What factors have led to the improvements in outcomes after ST-segment elevation myocardial infarction (STEMI)?


This was a retrospective analysis of four nationwide French registries that included patients with STEMI (positive troponins and electrocardiogram changes or symptoms) admitted alive to coronary critical care units within 48 hours of symptom onset. Mortality at 30 days was assessed and risk factors for the primary outcome were assessed.
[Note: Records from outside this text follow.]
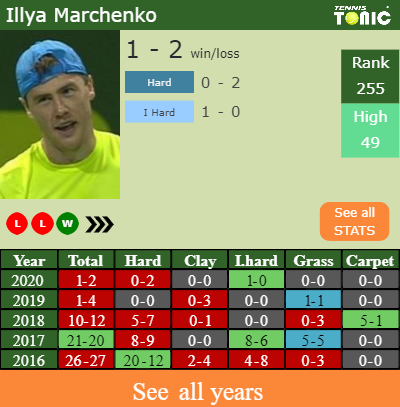 Illya has a 1-2 win-loss record in 2020, 1-0 on indoor hard courts (See FULL STATS).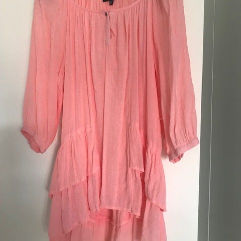Maksimekko, pussimaisilla hihoilla. Koko 42, mutta vastaa paremmin kokoa 40. Hihoissa kiinnitys napeilla. Mukana yksi varanappi. Vasemmassa kyljessä suljettava vetoketju. Kangas on täysin peittävää eikä jousta. Etupuolella helman keskellä on halkio. Kankaan väri näyttää tummemmalta kuin kuvissa. Kankaassa on kiiltävämpiä kuvioita, joista lähikuva.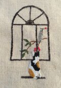 新緑の季節にぴったりな緑色のスカートが届いております 細い糸でこれでもかと思えるほど繊細なハルジオンの白い花、菜の花なずなの白い花が生き生き元気に春を喜んでるみたいです 可愛らしいカラスノエンドウ、清々しく青い空に似合う忘れな草までキジトラ猫さんを遊んでくれているようです♪ 美しすぎる作品を、しばし飾って眺めたいです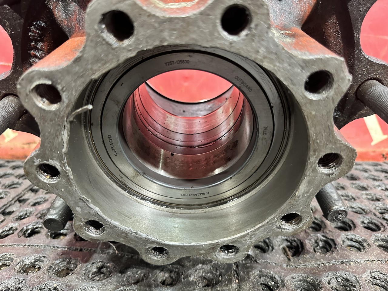 Ступица задняя, левая, правая, L=R, LH=RH, универсальная, на обе стороны, заднего ведущего моста, под 10 отверстий, тормозная система, под дисковые тормоза, с подшипником, остаток тормозного диска - 45мм.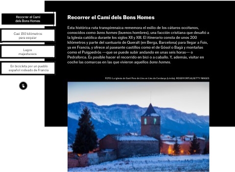 Esta histórica ruta transpirenaica rememora el exilio de los cátaros occitanos, conocidos como bons homes (buenos hombres), una facción cristiana que desafió a la Iglesia católica durante los siglos XII y XIII. El itinerario consta de unos 200 kilómetros y parte del santuario de Queralt (en Berga, Barcelona) para llegar a Foix, ya en Francia, y ofrece al paseante castillos como el de Gósol o Bagà y montañas como el Puigpedrós —que se puede subir andando en unas seis horas— o Pedraforca. Es posible hacer el recorrido en bici o a caballo. Y, además, visitar en coche las comarcas en las que vivieron aquellos bons homes.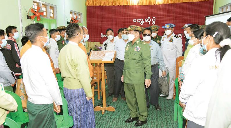 နိုင်ငံတော်စီမံအုပ်ချုပ်ရေးကောင်စီဥက္ကဋ္ဌ နိုင်ငံတော်ဝန်ကြီးချုပ် ဗိုလ်ချုပ်မှူးကြီး မင်းအောင်လှိုင်သည် ရှမ်းပြည်နယ်(အရှေ့ပိုင်း) ကျိုင်းတုံမြို့နယ်၊ မိုင်းပျဉ်းမြို့နယ်နှင့် ရှမ်းပြည်နယ်(တောင်ပိုင်း) လွိုင်လင်ခရိုင်၊ နမ့်စန်မြို့နယ်နှင့် ခိုလမ်မြို့တို့တွင် တာဝန် ထမ်းဆောင် လျက်ရှိသည့် ဌာနဆိုင်ရာတာဝန်ရှိသူများ၊ မြို့မိမြို့ဖများအား ယနေ့တွင် အဆိုပါမြို့နယ်များရှိ မြို့နယ်ခန်းမများ၊ အထွေထွေအုပ်ချုပ်ရေးမှူးရုံးခန်းမများ၌ သီးခြားစီတွေ့ ဆုံ၍ ဒေသဖွံ့ဖြိုးတိုးတက်ရေးဆိုင်ရာများအား ဆွေးနွေးပြောကြား သည်။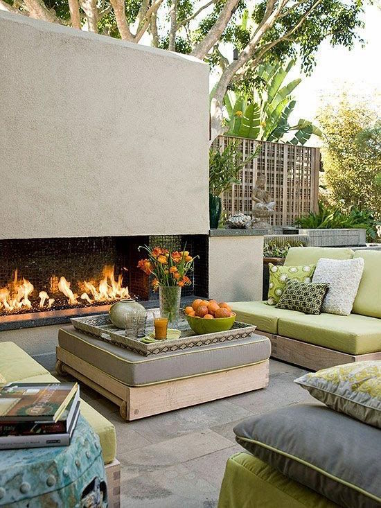 A fireplace is an invitation to sit down and relax. These gorgeous outdoor fireplaces will make you wish for cool evenings to enjoy the ambiance and stars.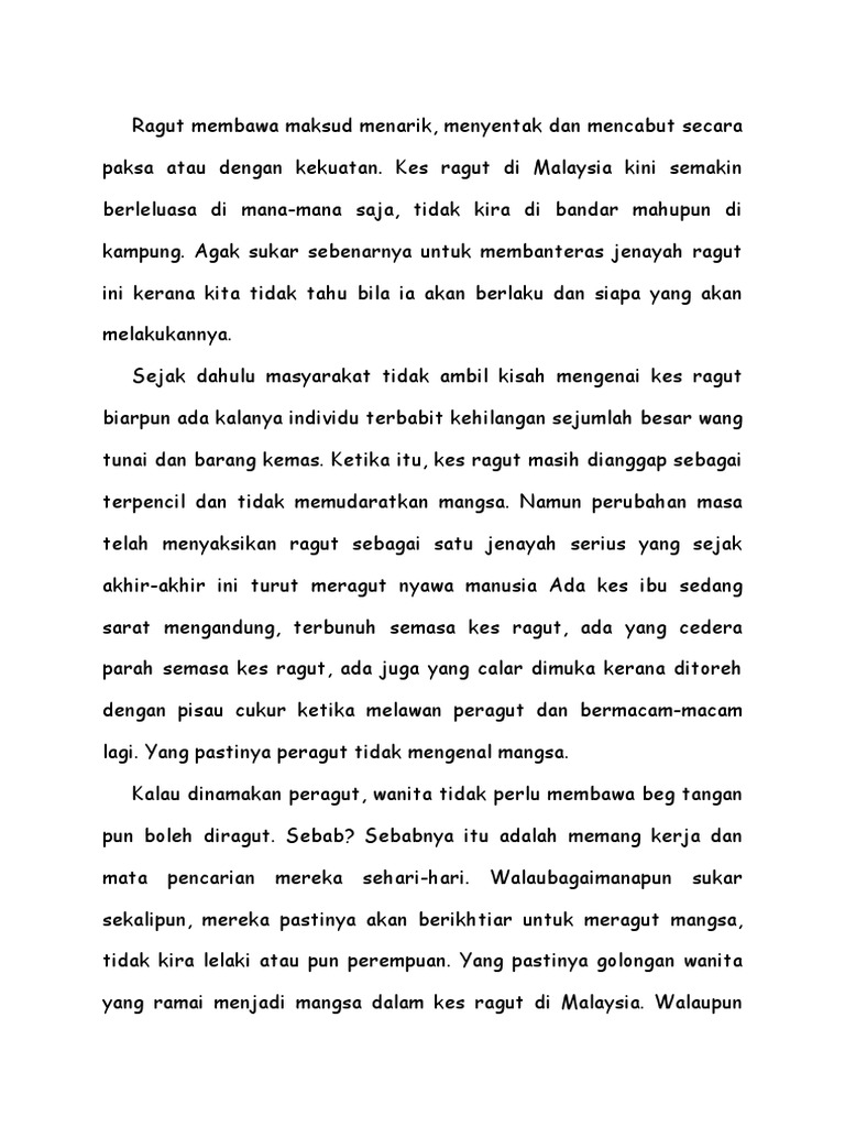 Kes ragut yang di percayai baru sahaja berlaku di johor bahru, malaysia. Ketua pengarah kesihatan itu berkata ia menjadikan jumlah keseluruhan kes ialah 505, 115. Hal ini disebabkan oleh kepadatan penduduk dan terdapat golongan tuntasnya, banyak langkah yang boleh dilaksanakan bagi menangani jenayah ragut di malaysia. Tiga termasuk wanita ditahan terlibat kes ragut sekitar kl, selangor. Yang ringgit malaysia adalah mata uang dalam malaysia (saya, mys).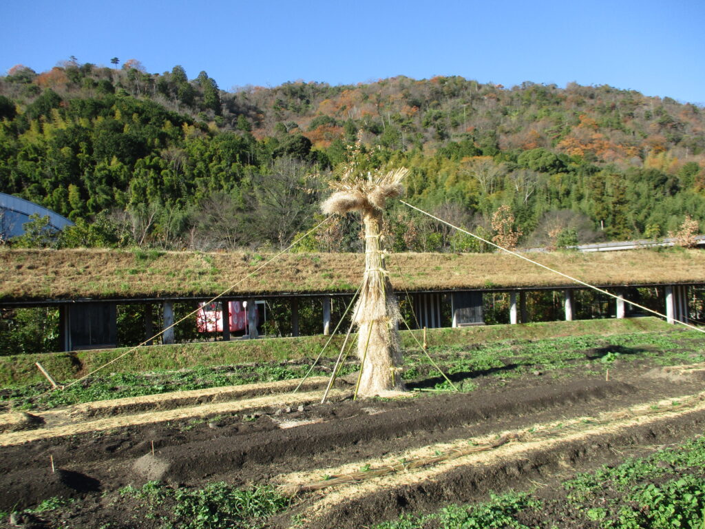 初めに、ラ コリーナ近江八幡の見学を行いました。敷地内には、近江八幡市の伝統文化である大きな松明を展示されていたり、田んぼや畑では、実際に農作物を栽培されていたりと、自然や地域の伝統文化との調和・共生に取り組まれていることを教えていただきました。
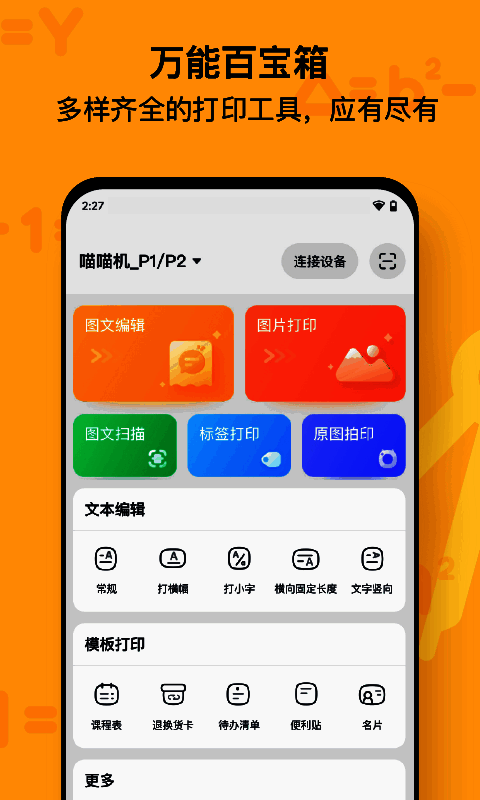 喵喵机安卓版是一款专门为喵喵打印机量身打造的移动应用软件。安装此软件后,用户能够在手机上自由选择打印内容,无论是截图、图像,全彩或是灰白色,都能满足需求。软件还提供丰富多样的模板和字体,让打印效果更令人满意。安装后可随时在手机上打印照片,添加模板或修改字体,使照片打印既方便又多样。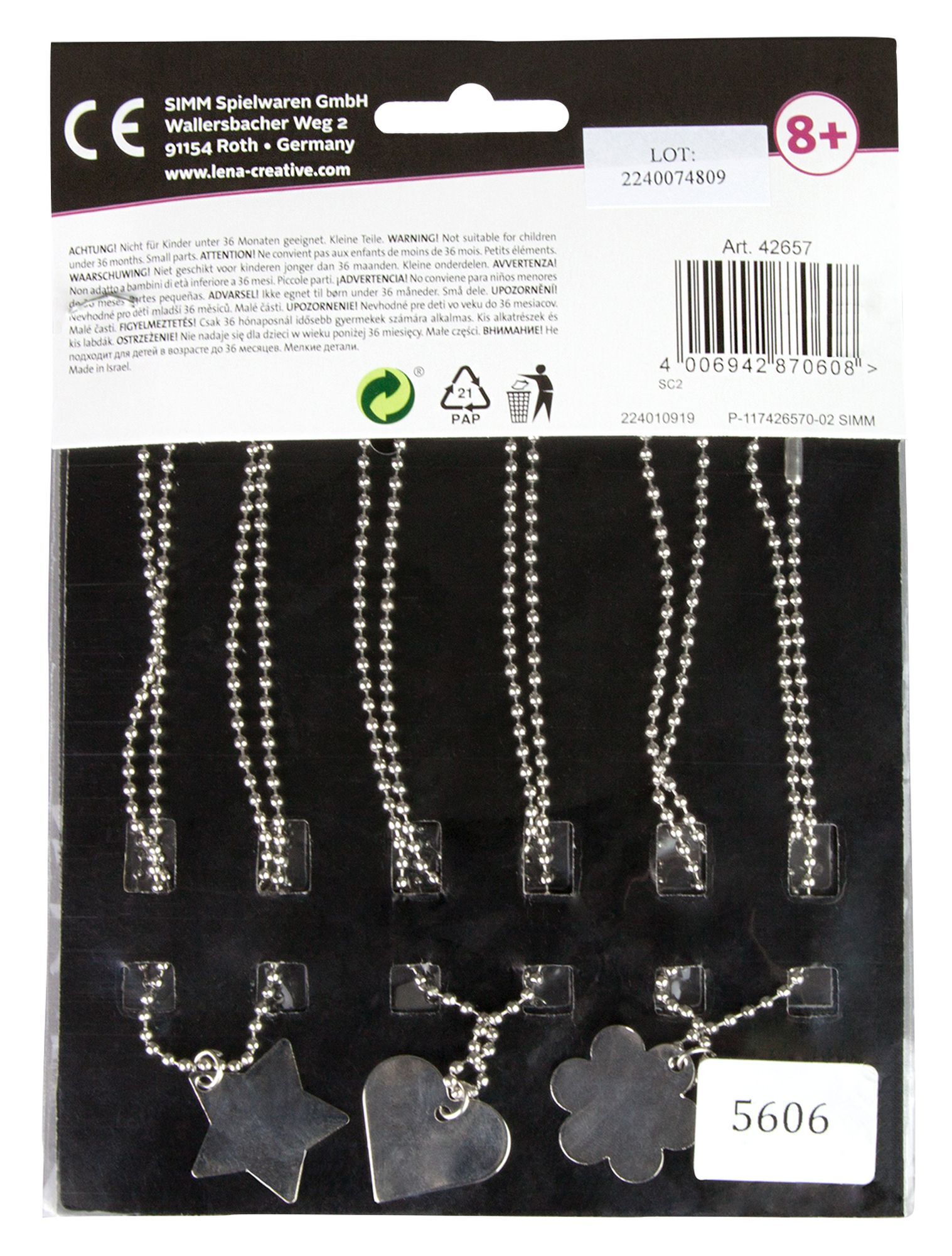 Nachfüllpack für Metal Jewelry (EAN 4006942868001). Dieses Nachfüllpack enthält 6 weitere Ketten. Verpackt im Beutel mit Header. Das Familienunternehmen SIMM Spielwaren GmbH aus Roth bei Nürnberg setzt seit ca. 50 Jahren Maßstäbe in der Herstellung qualitativ ...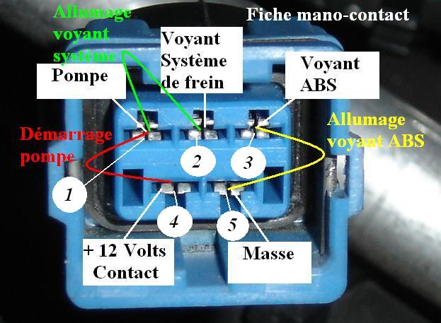 Le contrôle de la pression est fait directement sur la pompe par un mano-contact. La fiche bleu branchée dessus le mano-contact a 5 connections.

Of the 6,707 patients enrolled with an STEMI, mean age decreased from 66.2 (14.0) years to 63.3 (14.5) years, and smoking and obesity increased from 32% to 41% and 14% to 20%, respectively. The risk of 30-day mortality decreased from 13.7% in 1995 to 4.4% in 2010 (adjusted hazard ratio for death, 0.39; 95% confidence interval [CI], 0.29-0.53). This correlated with a reduction in time from symptom onset to hospital presentation and admission, a decrease in the percentage of patients admitted to community hospitals, and an increase in admission to hospitals with more experience. There was also an increase in coronary angiogram utilization, reperfusion therapy, and evidence-based pharmacologic therapy (beta-blockers, angiotensin-converting enzyme inhibitors, statins, antithrombotic medications). Complications after STEMI decreased with time, including cardiogenic shock (adjusted odds ratio [OR], 0.66; 95% CI, 0.48-0.92), recurrent MI (adjusted OR, 0.51; 95% CI, 0.29-0.90), and cardiac arrest (adjusted OR, 0.68; 95% CI, 0.46-0.60).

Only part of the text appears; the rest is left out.